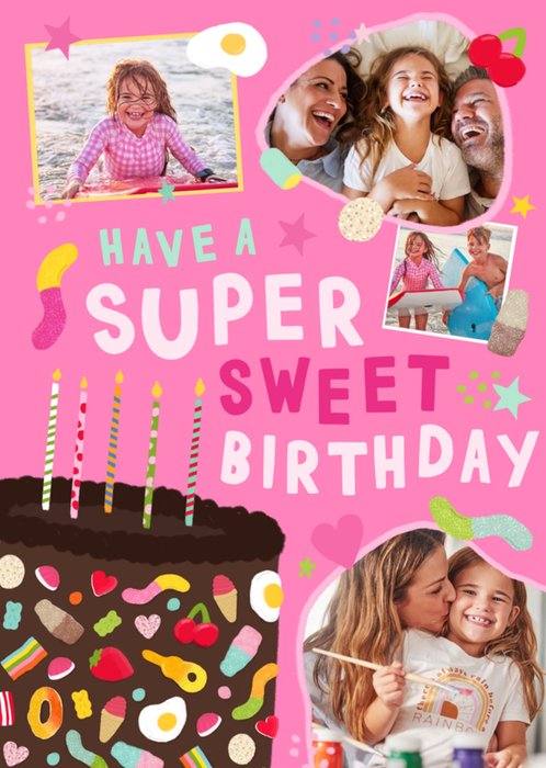 Featuring 4 photo upload frames & bold typography with colourful sweet shapes & stars, plus an iced birthday cake with candles on a pink coloured background.
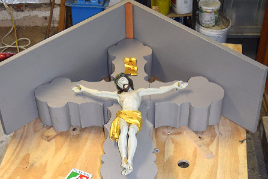 Das Kreuz wurde seit Januar von den Restauratoren Bennemann & Ellermann in ihrer Werkstatt in Köln-Kalk  aufwendig restauriert. Sein Holzkern war rissig und drohte aufzuspalten, der Fuß war teilweise morsch und das Dach war sanierungsbedürftig.
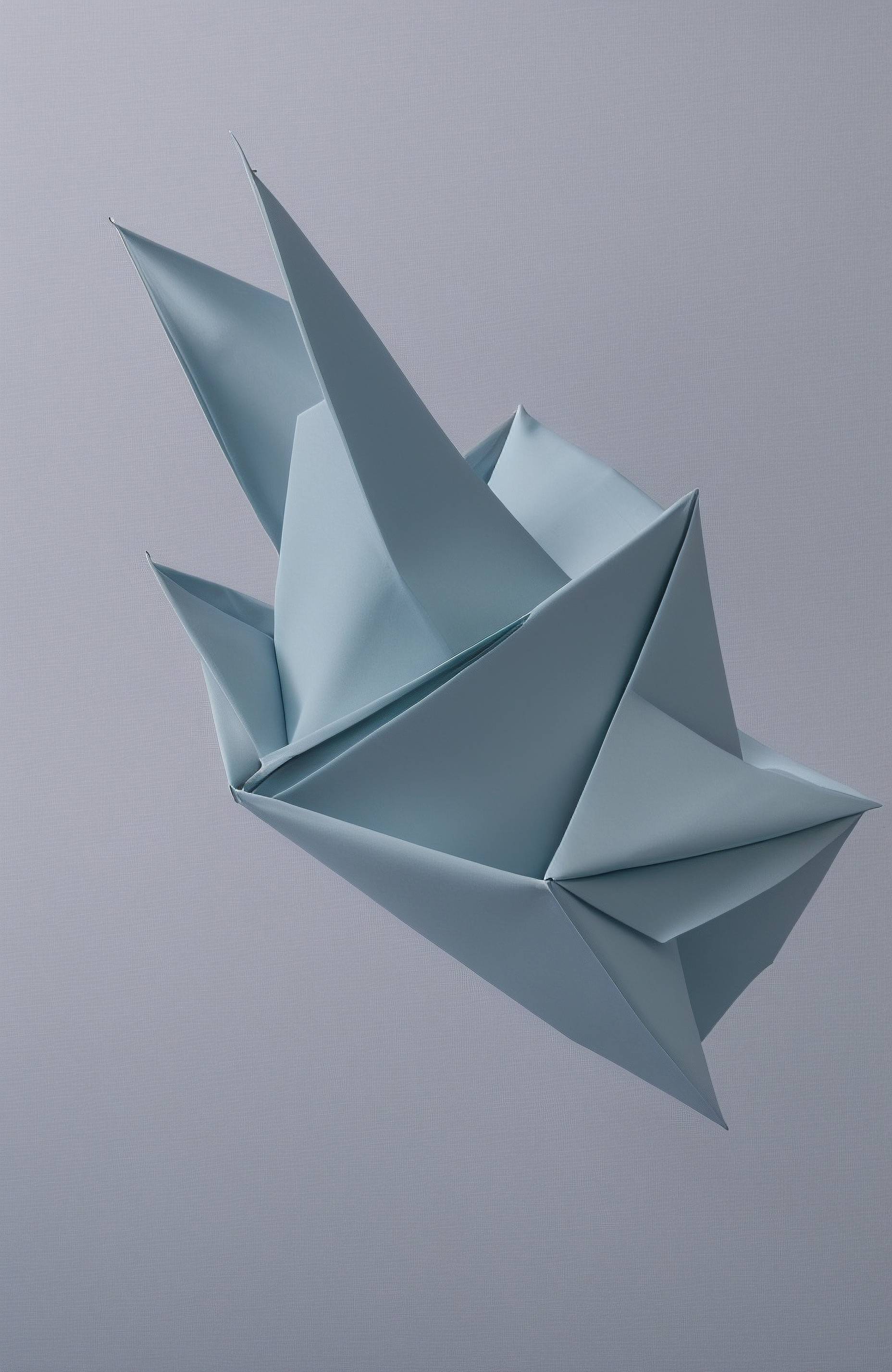 I’ve been working on Paperwork since March of 2023. I was working on it long before I spoke with Seth, and he gave me the green light. I was performing my poetry at different venues, providing little notepads and pencils to participants. After each performance, I asked attendees to write down one word in response to my verse. At one performance, somebody left me an origami swan, and I thought that was so beautiful. I then started experimenting with creating digital origami sculptures using AI that represented the words people were sharing with me.
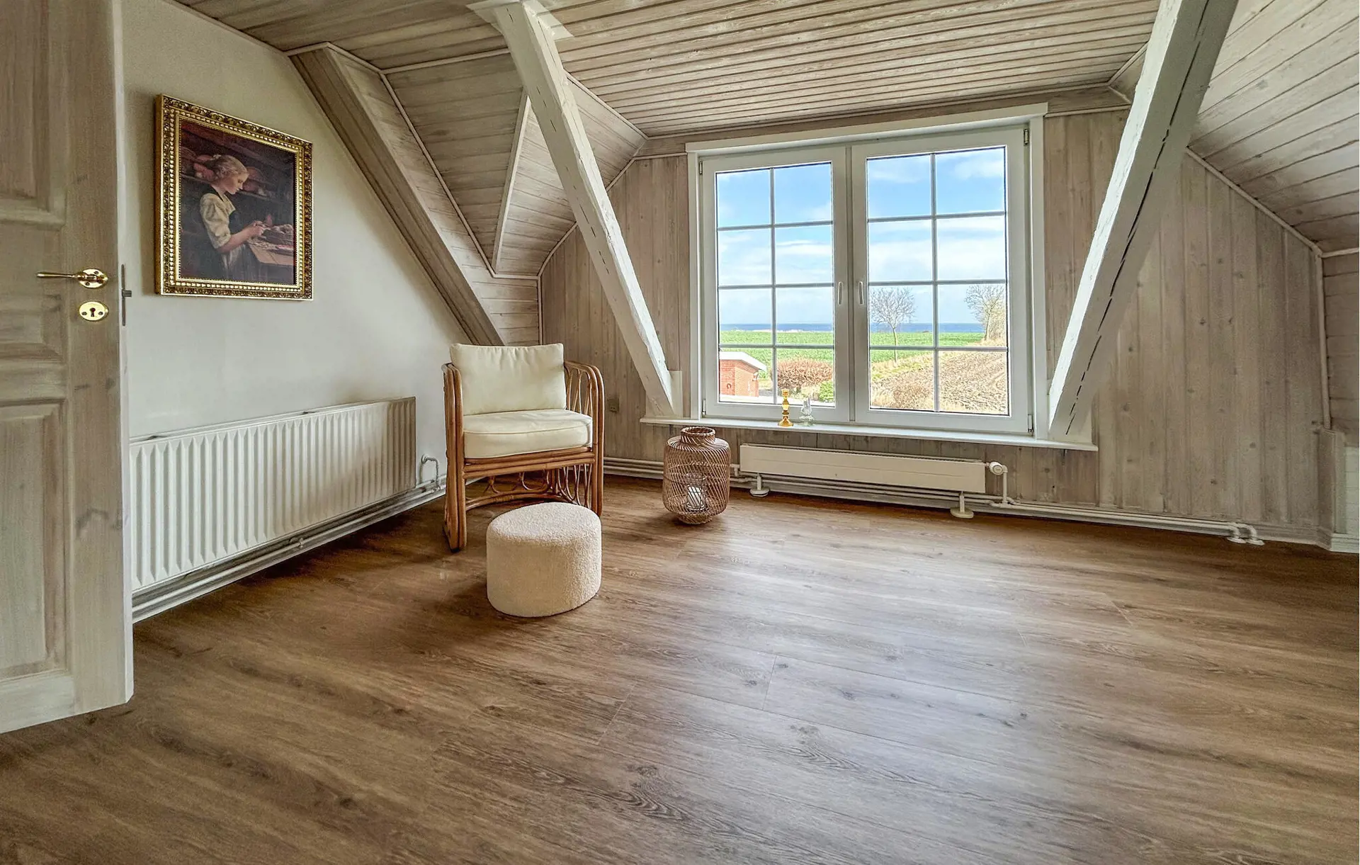 Dieses Haus ist nicht nur idyllisch direkt am Waldrand und am Meer gelegen, sondern besticht auch durch seine freundliche Einrichtung. Helle Farben, eine schöne Holzoptik und ein Kaminofen sorgen für eine heimelige Atmosphäre, in der Sie schnell zur Ruhe kommen. Lehnen Sie sich entspannt mit einem Tee oder Kaffee zurück, hören Sie einen interessanten Podcast oder verbringen Sie einen gemeinsamen Fernsehabend.

§ WORK REQUEST
Reproduce, exactly and without pictures, the lines above from the one containing "I’ve been working" through the last line of the material, both ends included, and nothing more.

§ SOLVED EXERCISE
 I’ve been working on Paperwork since March of 2023. I was working on it long before I spoke with Seth, and he gave me the green light. I was performing my poetry at different venues, providing little notepads and pencils to participants. After each performance, I asked attendees to write down one word in response to my verse. At one performance, somebody left me an origami swan, and I thought that was so beautiful. I then started experimenting with creating digital origami sculptures using AI that represented the words people were sharing with me.
 Dieses Haus ist nicht nur idyllisch direkt am Waldrand und am Meer gelegen, sondern besticht auch durch seine freundliche Einrichtung. Helle Farben, eine schöne Holzoptik und ein Kaminofen sorgen für eine heimelige Atmosphäre, in der Sie schnell zur Ruhe kommen. Lehnen Sie sich entspannt mit einem Tee oder Kaffee zurück, hören Sie einen interessanten Podcast oder verbringen Sie einen gemeinsamen Fernsehabend.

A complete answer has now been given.